Inflammatory Bowel Disease
A selective IgA deficiency patient is more likely to develop or be affected by inflammatory bowel disease than a healthy individual. Inflammatory bowel disease is a condition characterized by chronic digestive tract inflammation, and it is often separated into ulcerative colitis and Crohn's disease. Both forms of inflammatory bowel disease cause a patient to experience abdominal pain and cramping, severe diarrhea, unintended weight loss, and fatigue. Inflammation in the intestinal tract develops when there is a breach in the protective mucus layer that lines the interior of the intestines.

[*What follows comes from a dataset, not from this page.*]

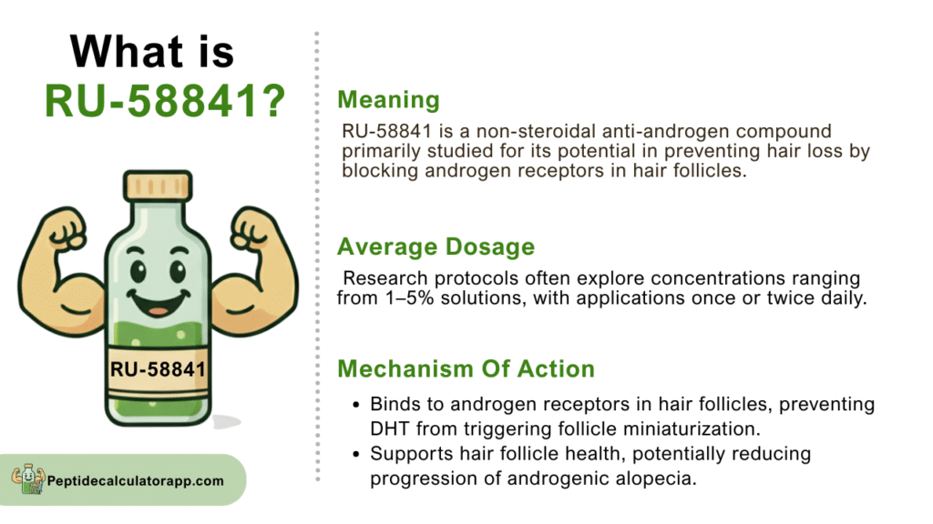 RU-58841 is a synthetic anti-androgen compound specifically designed for topical application in treating hair loss. Developed initially by Roussel Uclaf, this experimental drug is formulated as a 5% topical solution that targets androgen receptors directly at the hair follicle level. Unlike systemic treatments that affect the entire body, RU-58841 (5% topical) works locally, making it an attractive option for those seeking targeted hair loss intervention.

Furthermore, the patient's immune system can attack its own digestive tissues and produce such breach and inflammatory process in the intestinal linings. Individuals affected by selective IgA deficiency have mucous membranes exposed to damage because the deficient immunoglobulin A is a critical component in mucus. The mucus layer is intended to protect the inside of the mouth, stomach, lungs, vagina, and intestines. This protection is diminished in selective IgA deficiency patients, putting them at a higher risk of developing inflammatory bowel disease.